To obtain further support for their suitability as detergent supplements, the stability of both BPF4 and BPF6 lipases was tested in presence of selected laundry detergents. Both the lipases were found to exhibit reasonable stability viz., more than 90% residual activity after 1 h of incubation in presence of popular laundry detergent brands. This result was better than or almost equal to others reported earlier in cases of B. smithii [20], [36].

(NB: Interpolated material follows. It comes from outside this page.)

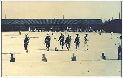 | 同じく昭和15年11月3日体育大会の風景。 銃剣道部の主将(5期生・昭和18年卒)は、銃剣道に ついて会報で以下のように書いている。 「明治37、8年日露戦争において白兵戦の威力、殊(こ と)に銃剣突撃の効果は判然としその道の研究は次第 に重要視され更に今次大東亜戦争(=日中戦争、太平 洋戦争をさす)に至っては幾多の生々しい体験を得て、 銃剣道こそは国民必須の武道であると大いに叫ばれる に至ったのである」 先端に剣の付いた模擬銃を持ち、敵の顔をかいた人 形めがけて突撃しているところ。全員大声で雄叫びを あげながら走っている。日本の得意とする白兵戦であ ったが、日中戦争や太平洋戦争では通用するはずも なく、多くの兵士達が写真のような姿を最後に玉砕して いったと思われる。 |

In conclusion, both BPF4 and BPF6 lipases were found to be alkaline metallolipase, showing maximum activity at pH 11 and 9 respectively and at the temperature 40 °C. The residual activities at 20 °C and 4 °C of BPF4 lipase were 35% and 20% and of BPF6 lipase were 70% and 20 °C respectively thus they are cold-active lipases. Both the enzymes were stable at 4 °C, 20 °C and 40 °C. While Ca2+ enhanced activity of both the enzymes, other metals and reagents affected the activity variably. Importantly, both the lipases were found to exhibit nearly 90% residual activity after 1 h of incubation in selected detergent brands proving them to be superior to any of the reported detergent compatible alkaline lipases.

Disclosure statement

We declare that there is no conflict of interest.